The circle $(x-1)^2 + (y-1)^2 = 2$ has polar equation $r = 2(\sin\theta + \cos\theta)$ , and so the area of the portion of that circle within the first quadrant is $\tfrac12\int_0^{\frac12\pi} 4(\sin\theta + \cos\theta)^2\,d\theta \; = \; 2\int_0^{\frac12\pi}(1 + \sin2\theta)\,d\theta \; = \; \pi + 2$ Thus the area of the desired region defined by $x^2 + y^2 \le 2|x| + 2|y|$ is $4(\pi + 2)$ . Taking away $4\pi$ , the area of the circle $x^2 + y^2 \le 4$ , we obtain the answer $\boxed{8}$ .

Given $4\leq x^2+y^2\leq 2|x|+2|y|$

So $x^2+y^2\geq4$

This is the region outside and on the circle of radius $2$ and centre at origin.

Now, $x^2+y^2\leq 2|x|+2|y| \implies (|x|-1)^2+(|y|-1)^2\leq2$

This represent the regions inside the circles of radius $\sqrt2$ and centres $(1,1) , (-1,1) , (-1,-1) , (1,-1)$

So the required region is out side the circle(1) $x^2+y^2=4$ and inside the circles(2) of centre $(\pm1,\pm1)$ and radius $\sqrt2$

Consider any one circle of centre $(1,1)$ of family of circles(2). Then the intersecting points of both the circles are $(0,2),(2,0)$ And every four circles of family of circles(2) passes through origin. Here we can see that the line joining points $(1,1)$ and $(2,0)$ and $(1,1)$ and $(0,2)$ have same slope so they represent a single line. Also this line passes through centre of circle(2) so this is a diameter for circle(2).

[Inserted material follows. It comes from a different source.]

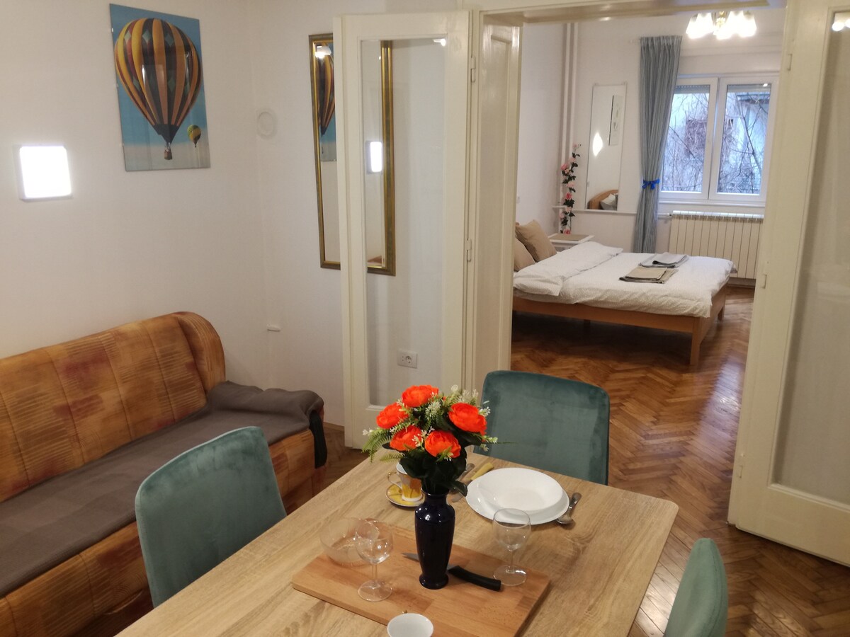 Este apartamento de 80 metros cuadrados tiene dos dormitorios divididos por una gran cocina/comedor/sala de estar. El departamento está ubicado a poca distancia de los principales sitios turísticos de Belgrado: Asamblea Nacional, Museo y Teatro, calle Knez Mihajlova, Fortaleza Kalemegdan, Skadarlija (el barrio bohemio). Los huéspedes pueden encontrar varias opciones de comida y bebida en restaurantes, cafeterías y pubs cercanos. Algunos de los restaurantes mejor valorados se encuentran en esta área. Hay una tienda de comestibles 24/7 en la esquina.
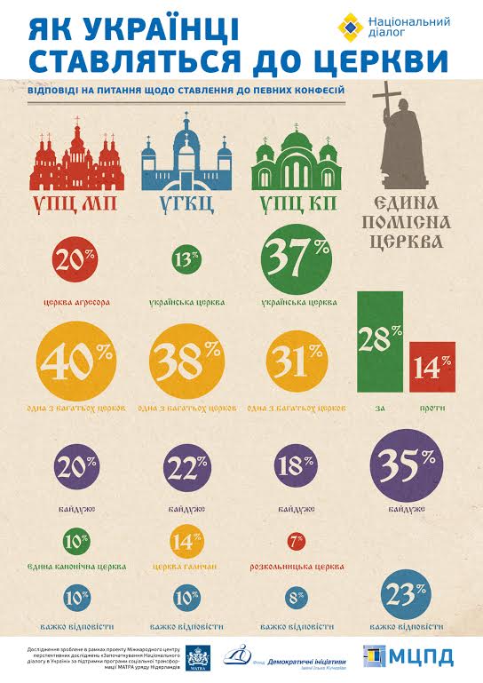 Идея создания Единой Поместной Православной Церкви находит поддержку на Западе Украины: на Волыни, Галиции, Юго-западе. В остальных регионах преобладает безразличное или неопределенное отношение, но и негативное отношение к этому тоже незначительно. В целом по Украине поддерживают идею создания единой Поместной Православной Церкви 28%, выступают против 14%, относятся равнодушно 35% и еще 23% определенного мнения нет.

Hence outside this on R.H.S the value of area is $\pi$ . But this is not the required answer.We have to minus the are of circle (1) from this. Now consider the right angled triangle having vertices $(0,2),(2,0), (0,0)$ So it's area will be $2$ .Now area of circle(1) in 1st quadrant is $\pi$ . So if we remove the area of triangle from area of circle(1) then we will get that area which has to be removed from our outside region in order to get our answer. So $\pi-2$ has to be removed from $\pi$ . So we got $2$

Now there are four such circles. So $2\times4 = \boxed{8}$ which is our required area.